+++ DATA
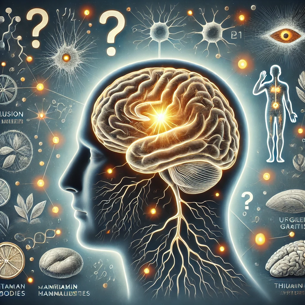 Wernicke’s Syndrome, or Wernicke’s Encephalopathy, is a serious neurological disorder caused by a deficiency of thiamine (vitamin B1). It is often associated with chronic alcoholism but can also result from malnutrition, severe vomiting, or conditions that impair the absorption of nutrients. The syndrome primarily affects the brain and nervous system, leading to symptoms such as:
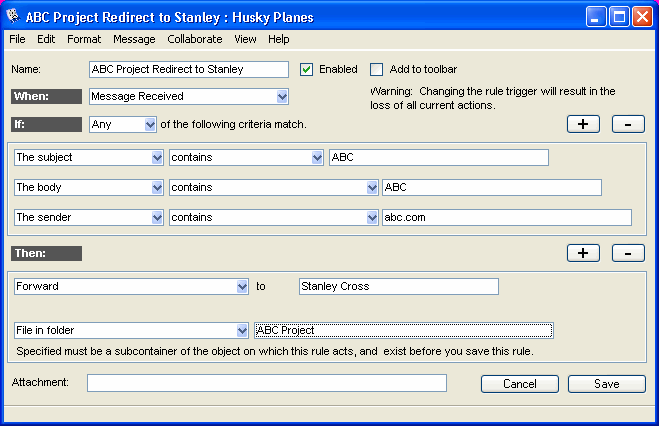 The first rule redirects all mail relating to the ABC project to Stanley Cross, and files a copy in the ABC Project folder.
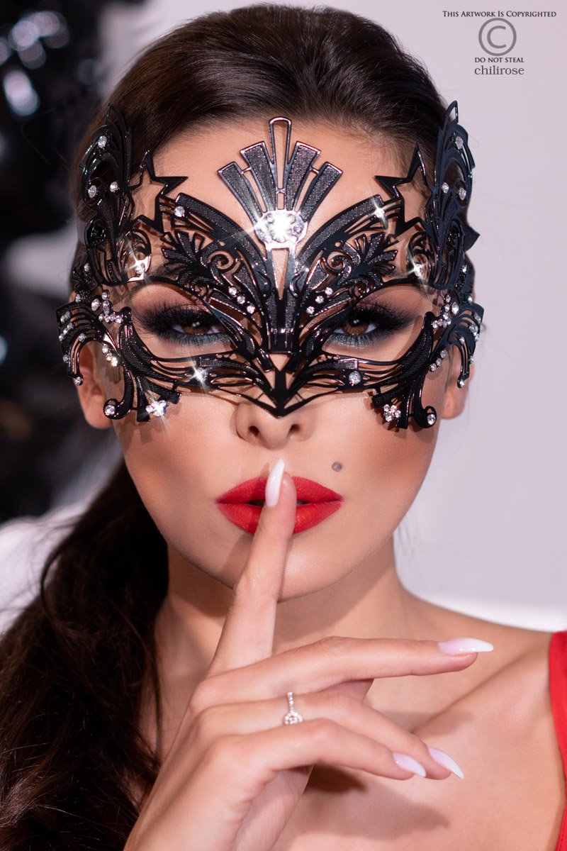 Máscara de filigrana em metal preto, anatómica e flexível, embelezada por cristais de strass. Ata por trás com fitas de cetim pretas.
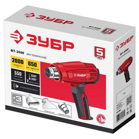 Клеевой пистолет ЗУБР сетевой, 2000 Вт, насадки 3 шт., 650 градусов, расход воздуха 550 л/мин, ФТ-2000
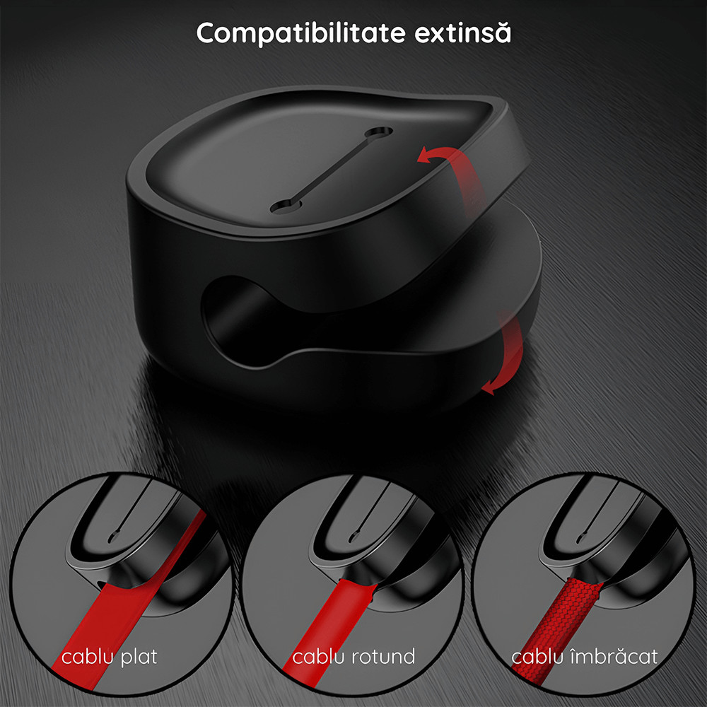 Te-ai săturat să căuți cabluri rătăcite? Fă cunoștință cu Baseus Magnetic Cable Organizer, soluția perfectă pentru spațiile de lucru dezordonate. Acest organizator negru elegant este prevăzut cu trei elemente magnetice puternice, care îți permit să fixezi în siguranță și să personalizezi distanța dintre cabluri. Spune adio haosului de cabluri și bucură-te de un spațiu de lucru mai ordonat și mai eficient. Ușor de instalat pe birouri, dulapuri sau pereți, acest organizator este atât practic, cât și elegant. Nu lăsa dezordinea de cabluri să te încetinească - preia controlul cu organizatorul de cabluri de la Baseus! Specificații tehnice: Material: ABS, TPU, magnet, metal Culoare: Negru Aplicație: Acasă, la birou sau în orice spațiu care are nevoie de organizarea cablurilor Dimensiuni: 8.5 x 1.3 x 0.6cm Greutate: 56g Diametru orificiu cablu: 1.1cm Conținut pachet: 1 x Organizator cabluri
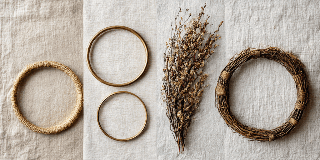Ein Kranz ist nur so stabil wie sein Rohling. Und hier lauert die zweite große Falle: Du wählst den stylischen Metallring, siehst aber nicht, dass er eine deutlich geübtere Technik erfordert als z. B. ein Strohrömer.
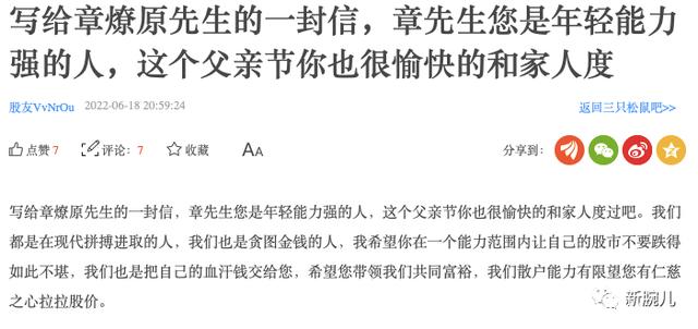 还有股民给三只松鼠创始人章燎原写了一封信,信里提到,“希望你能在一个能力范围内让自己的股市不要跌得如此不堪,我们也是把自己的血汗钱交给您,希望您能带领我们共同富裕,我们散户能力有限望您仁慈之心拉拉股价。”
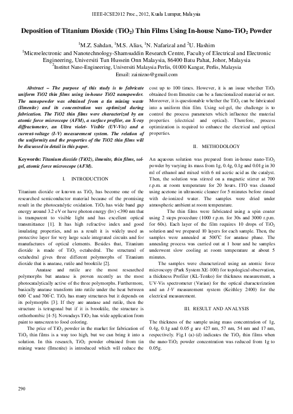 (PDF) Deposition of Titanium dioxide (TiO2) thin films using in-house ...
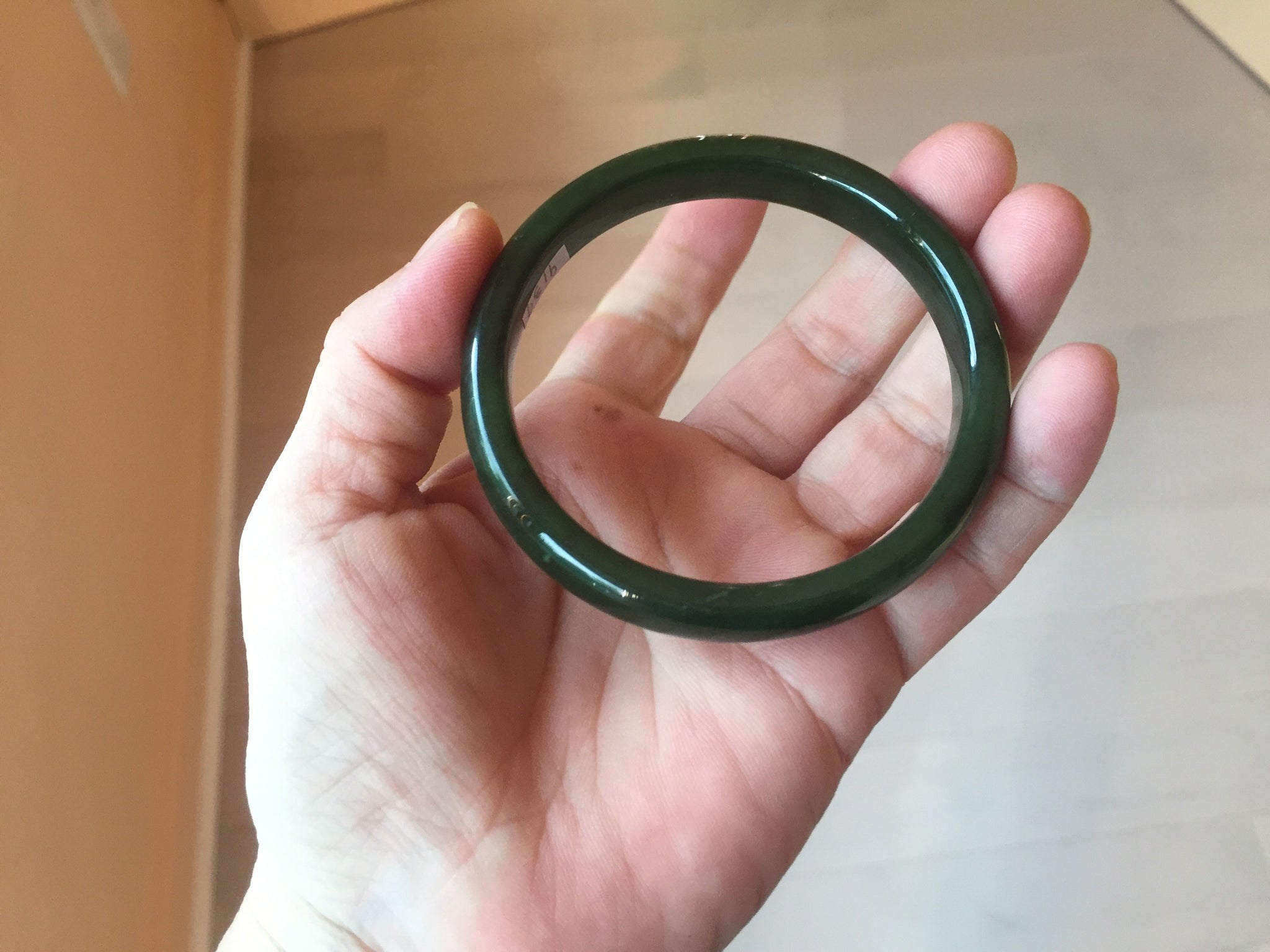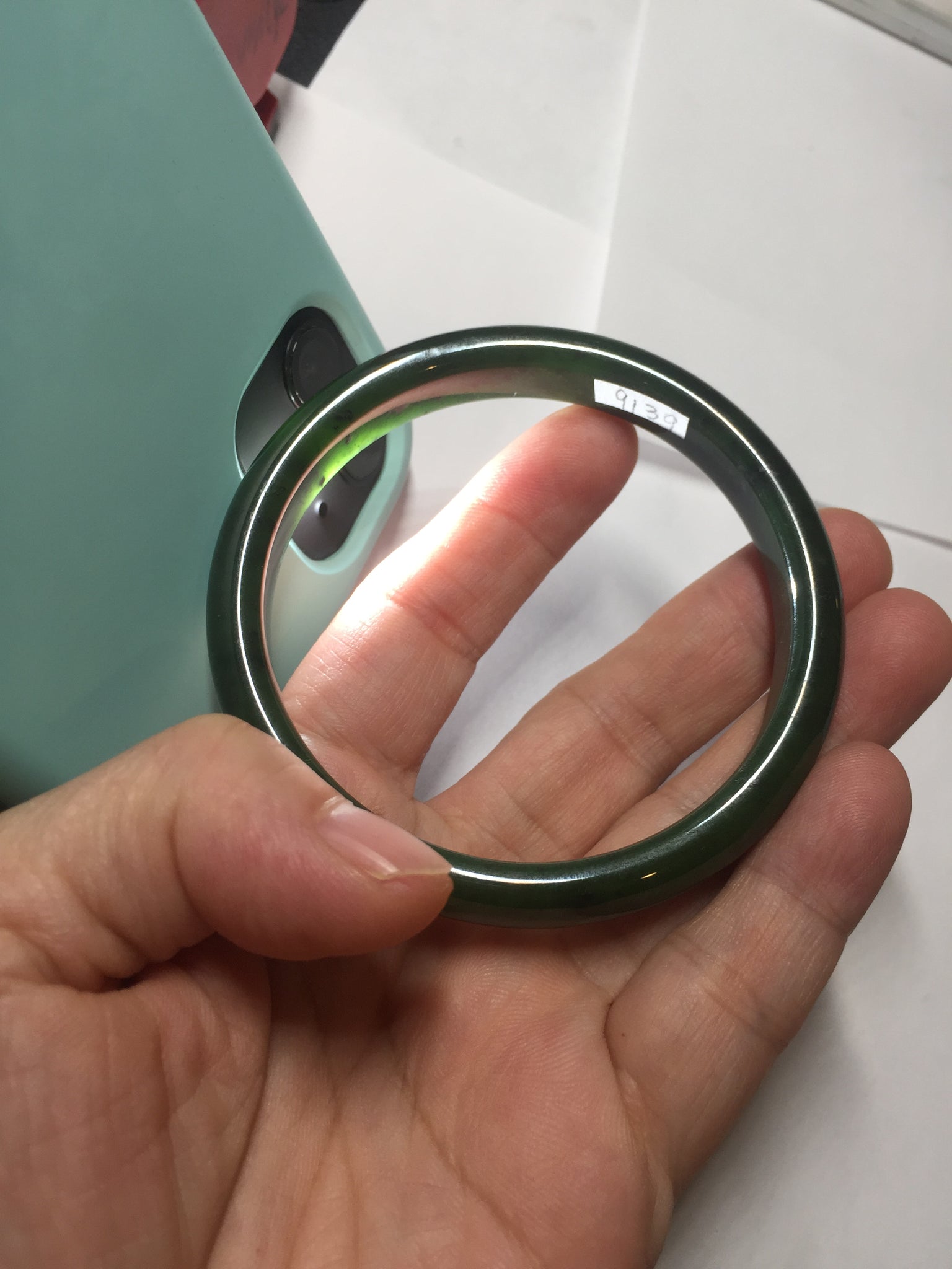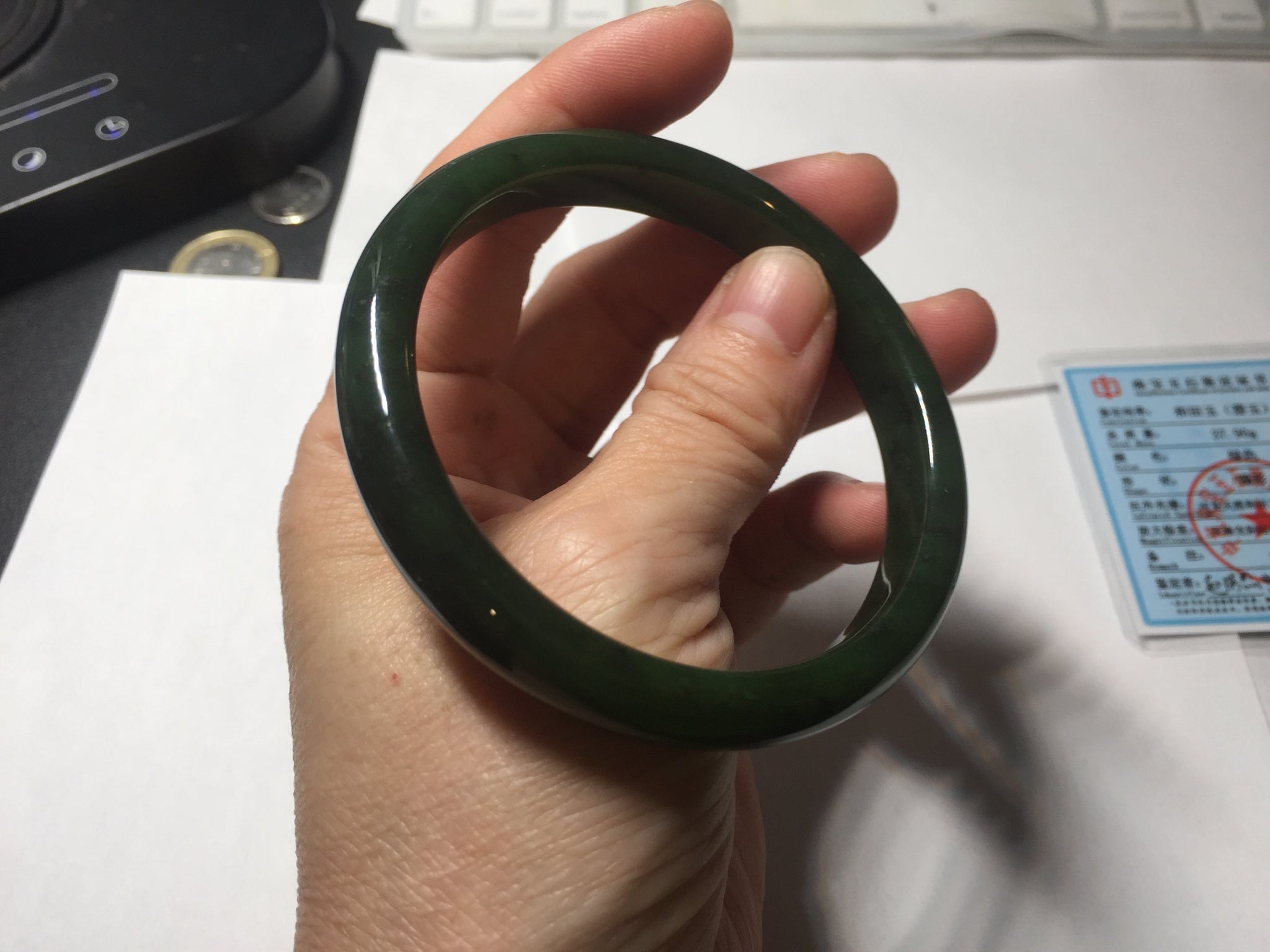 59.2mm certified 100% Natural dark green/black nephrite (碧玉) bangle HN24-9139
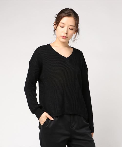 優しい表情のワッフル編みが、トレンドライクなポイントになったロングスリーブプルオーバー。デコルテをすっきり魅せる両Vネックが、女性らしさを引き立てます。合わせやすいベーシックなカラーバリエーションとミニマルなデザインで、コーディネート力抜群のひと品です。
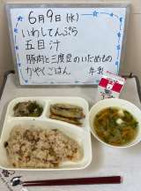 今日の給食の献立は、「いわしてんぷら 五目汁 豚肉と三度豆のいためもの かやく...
++++++
Could the stretch from the line with "The first rule" through the line with "Ein Kranz ist" in the listing above be restated word for word, minus the pictures?

## SOLUTION TO THIS TASK
 The first rule redirects all mail relating to the ABC project to Stanley Cross, and files a copy in the ABC Project folder.
 Máscara de filigrana em metal preto, anatómica e flexível, embelezada por cristais de strass. Ata por trás com fitas de cetim pretas.
 Клеевой пистолет ЗУБР сетевой, 2000 Вт, насадки 3 шт., 650 градусов, расход воздуха 550 л/мин, ФТ-2000
 Te-ai săturat să căuți cabluri rătăcite? Fă cunoștință cu Baseus Magnetic Cable Organizer, soluția perfectă pentru spațiile de lucru dezordonate. Acest organizator negru elegant este prevăzut cu trei elemente magnetice puternice, care îți permit să fixezi în siguranță și să personalizezi distanța dintre cabluri. Spune adio haosului de cabluri și bucură-te de un spațiu de lucru mai ordonat și mai eficient. Ușor de instalat pe birouri, dulapuri sau pereți, acest organizator este atât practic, cât și elegant. Nu lăsa dezordinea de cabluri să te încetinească - preia controlul cu organizatorul de cabluri de la Baseus! Specificații tehnice: Material: ABS, TPU, magnet, metal Culoare: Negru Aplicație: Acasă, la birou sau în orice spațiu care are nevoie de organizarea cablurilor Dimensiuni: 8.5 x 1.3 x 0.6cm Greutate: 56g Diametru orificiu cablu: 1.1cm Conținut pachet: 1 x Organizator cabluri
Ein Kranz ist nur so stabil wie sein Rohling. Und hier lauert die zweite große Falle: Du wählst den stylischen Metallring, siehst aber nicht, dass er eine deutlich geübtere Technik erfordert als z. B. ein Strohrömer.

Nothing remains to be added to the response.